Gonzalo, se lo debo, y ese pensamiento era el único que la hacía resistir al derrumbe,

siempre fue el más débil de los dos. Empezó a sentir de nuevo la tensión, la rabia por

encontrarse acorralada y decidió aprovechar la única posibilidad que le quedaba. Tal

vez pudiera beneficiarse de la espesura del bosque para ascender campo a través hasta la
fuente. Debía haber un arroyo en las cercanías por el sonido continuo del agua. Seguirlo

la llevaría hasta la fuente. Ahora o nunca.

La última carrera fue desesperada. Las ramas de los arbustos le golpearon el

rostro y los desniveles del terreno la hicieron caer en dos ocasiones.

En las fuentes de la Alhambra está la magia, el secreto de la vida, le leyó una vez

su madre. Quien visita el lugar deja cosido en el aire un pedazo de su alma, el único que

la muerte no es capaz de llevarse con el paso de los años. La magia, mamá, la magia.

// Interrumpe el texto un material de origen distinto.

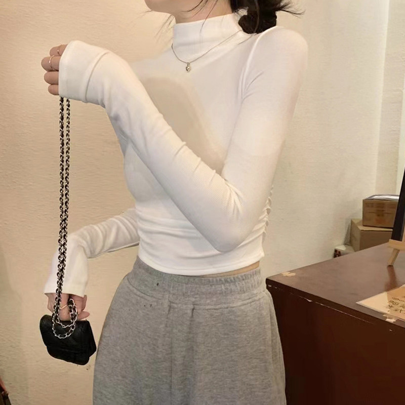 小个子短款德绒半高领打底衫女内搭秋冬修身长袖T恤褶皱上衣潮ins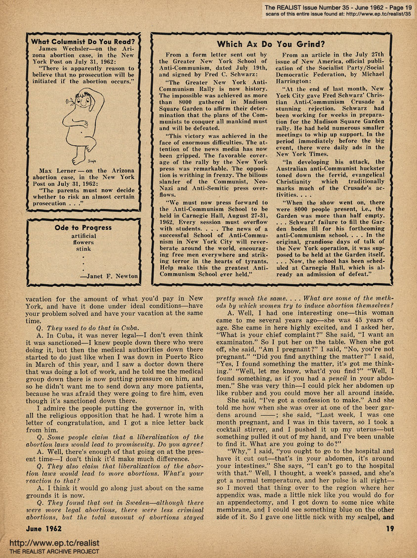 You are reading Issue No. 35 - Featuring Modest Proposal's Realist Coloring Books and An Impolite Interview with an Abortionist - June, 1962
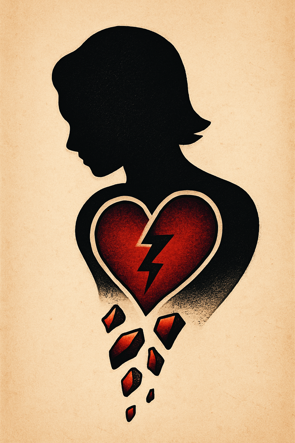 A striking silhouette of a person with a broken heart, featuring shards cascading down. The heart is red with a lightning bolt, set against a subtle beige background.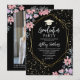 Lindo diseño de Invitacion de moda, con acuarela floral de verano rosa y purpura con purpurina de oro tipografía de confeti fiesta de graduación el diseño se puede personalizar con su foto en la parte de atras asi como los detalles de la Fiesta.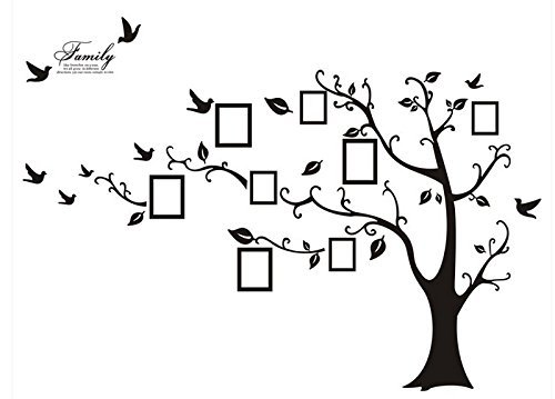 Rainbow Fox, grande cornice nera adesiva da parete, Art Wall, a forma di albero con rami ed uccellini, 8 cornici portafoto incluse, frase adesiva sulla famiglia, misura 180 x 250 cm, colore nero;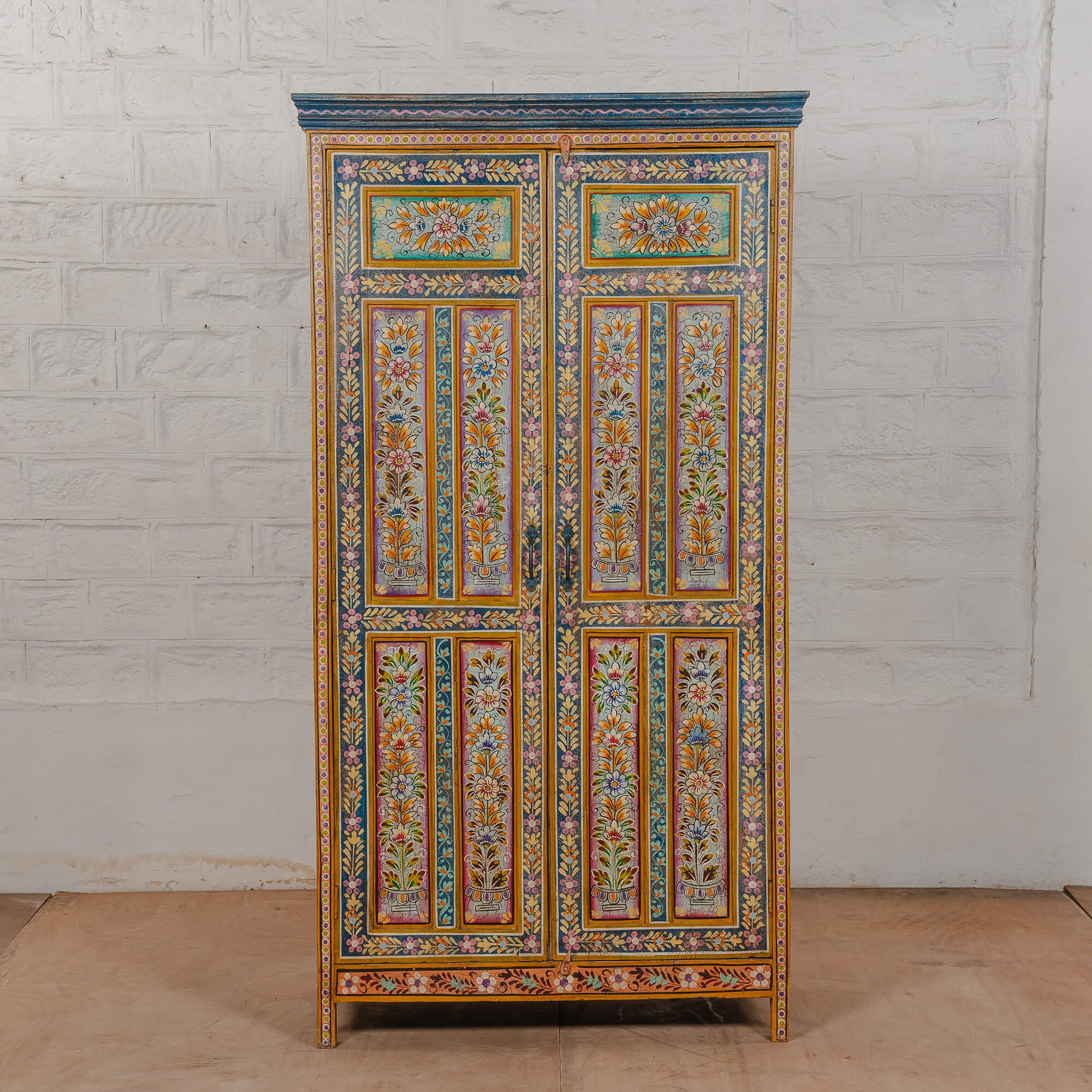 The cupboard features a vibrant array of colours, adorned with detailed flower paintings that capture the essence of traditional Indian art. The teak wood construction ensures durability while providing a warm, natural finish that complements any interior style.

Lucía lloraba cuando llegó a la fuente. Arrodillada, metió la mano y se ayudó para

beber. Dónde la magia. El agua se le derramaba por la comisura de los labios y

arrastraba en su caída lágrimas impotentes porque Lucía sabía que su perseguidor ya le

había dado caza. Se giró, entregada.

Los dos estaban allí, frente a frente. Las dos capas oscuras, una de pie y la otra

en el suelo. Entonces Granada empezó a pasar ante los ojos de la joven. Su memoria

reprodujo, como en una exposición fotográfica, todos los episodios más queridos. Sintió

un dolor profundo, demasiado íntimo, al comprobar que, conforme iban pasando, se

iban alejando hacia un lugar, en la oscuridad, al que jamás podría llegar ella sino con

un recuerdo que ya no sería una manera de revivir, sino de ir perdiendo poco a poco.

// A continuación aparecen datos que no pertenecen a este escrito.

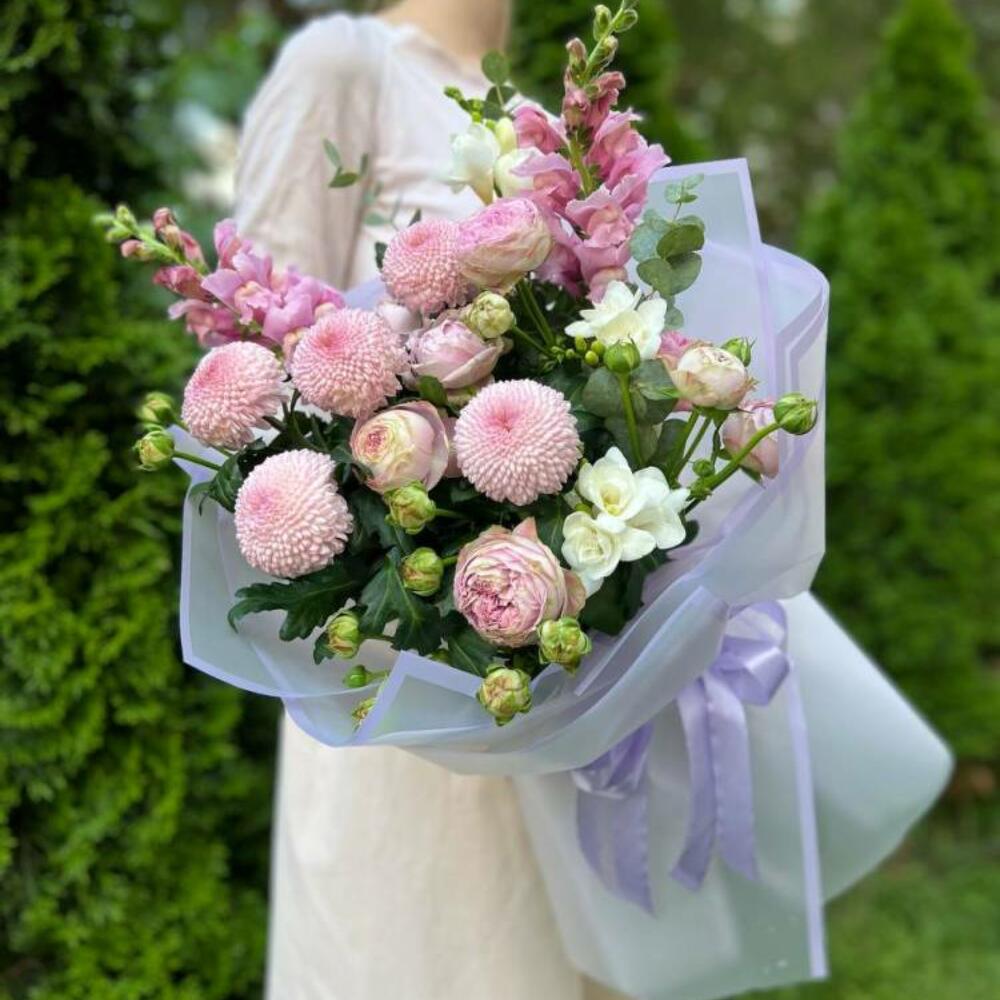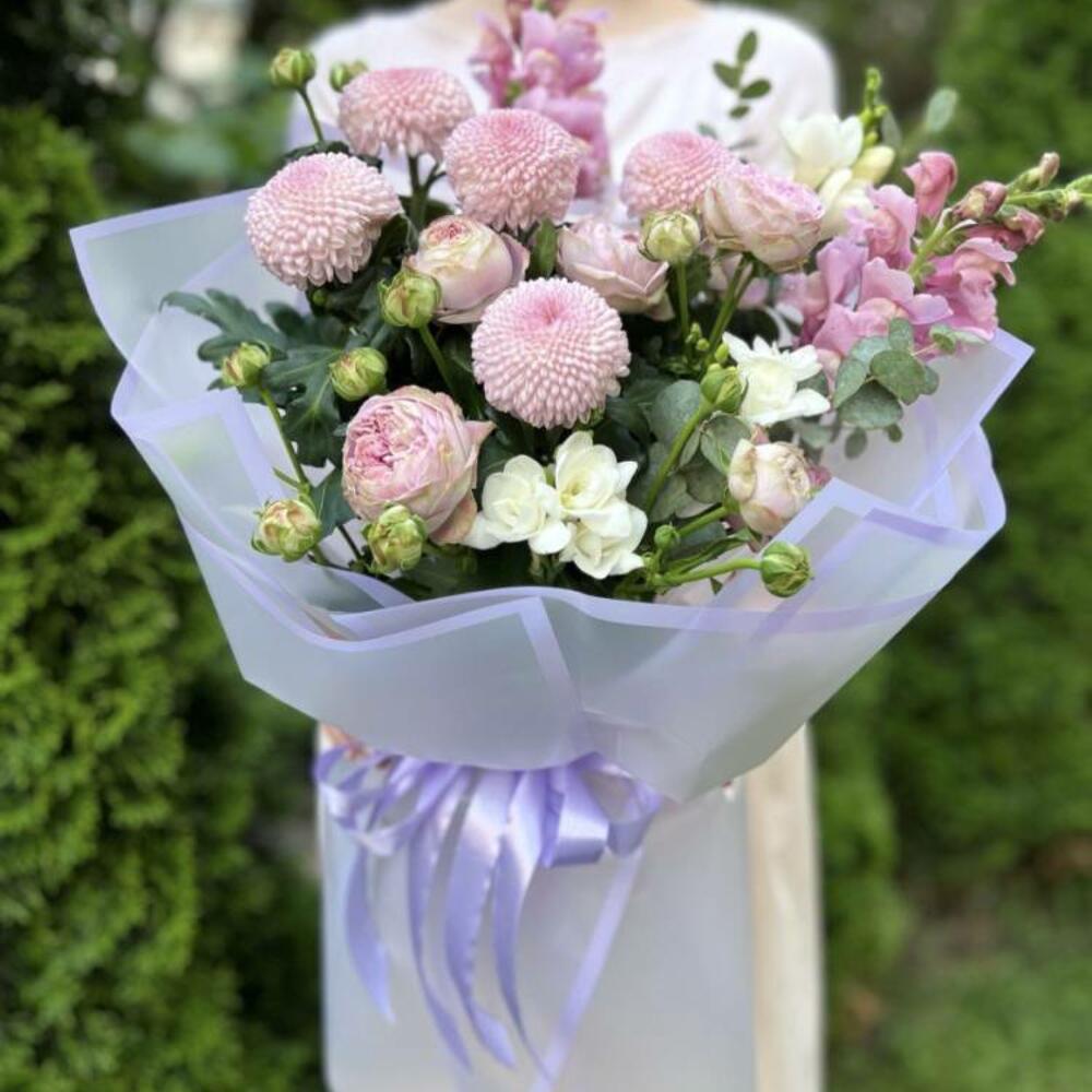 Composition: Chrysanthemum Momoko - 5, Antirrinum - 2, Freesia - 3, Rose spray Rich Babels - 3, Eucalyptus - 1, wrapping - 4, ribbon - 1 Sizes: WIDTH - 45CM; HEIGHT - 60CM; LENGTH - 60CM; (including packaging) Size: 45 x 60 x 60 cm

Ese ahora, ese siempre quieto en el que había vivido, esa continuidad maravillosa, se

resquebrajaba. Y entonces sintió el terror verdadero, el olor efímero de su propia vida.

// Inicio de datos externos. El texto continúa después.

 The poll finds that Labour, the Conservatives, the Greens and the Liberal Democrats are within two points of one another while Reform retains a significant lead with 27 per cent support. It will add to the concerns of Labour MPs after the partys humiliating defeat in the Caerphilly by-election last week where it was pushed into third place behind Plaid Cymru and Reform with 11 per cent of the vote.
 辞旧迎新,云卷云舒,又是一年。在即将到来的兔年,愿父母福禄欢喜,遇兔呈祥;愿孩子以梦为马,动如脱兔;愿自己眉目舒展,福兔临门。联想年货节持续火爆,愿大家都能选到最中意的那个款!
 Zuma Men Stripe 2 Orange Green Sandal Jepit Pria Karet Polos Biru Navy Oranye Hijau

Lucía lo miró a los ojos, vencida, y dejó caer los hombros por el peso de la

tristeza. Frente a ella, elegante, impasible, frío, el Tiempo la observaba victorioso. Su

mordisco fue rápido. Libó de su vida, de sus esperanzas y le robó la eternidad de la

juventud inocente. Lucía sintió como se escapaban voces, risas, rostros, besos sin que

pudiera hacer nada. Una vez alimentado, se ajustó la capa y se limpió los labios con el
dorso de la mano. Miró hacia los palacios nazaríes con desprecio y arrogancia. Algún

día llegará vuestro turno, puedo esperar, no os quepa duda. Por ahora no había nada más

que hacer allí. La volvió a mirar, abatida, y sonrió antes de desaparecer.

Al levantarse del suelo, Lucía se desprendió de la capa. La dobló y la dejó a los

pies de un árbol lleno de inscripciones. No muy lejos de allí la encontró un año y medio

antes. Conforme descendía de nuevo a la ciudad, supo que una parte de su alma se

quedaría vagando por el aire, por las fuentes, por las callejuelas, por los amaneceres y

los atardeceres y que nunca volvería a ser la misma. Tampoco Granada, que ya se le

empezaba a ir, imposible asirla, rasguño eterno de la felicidad perdida.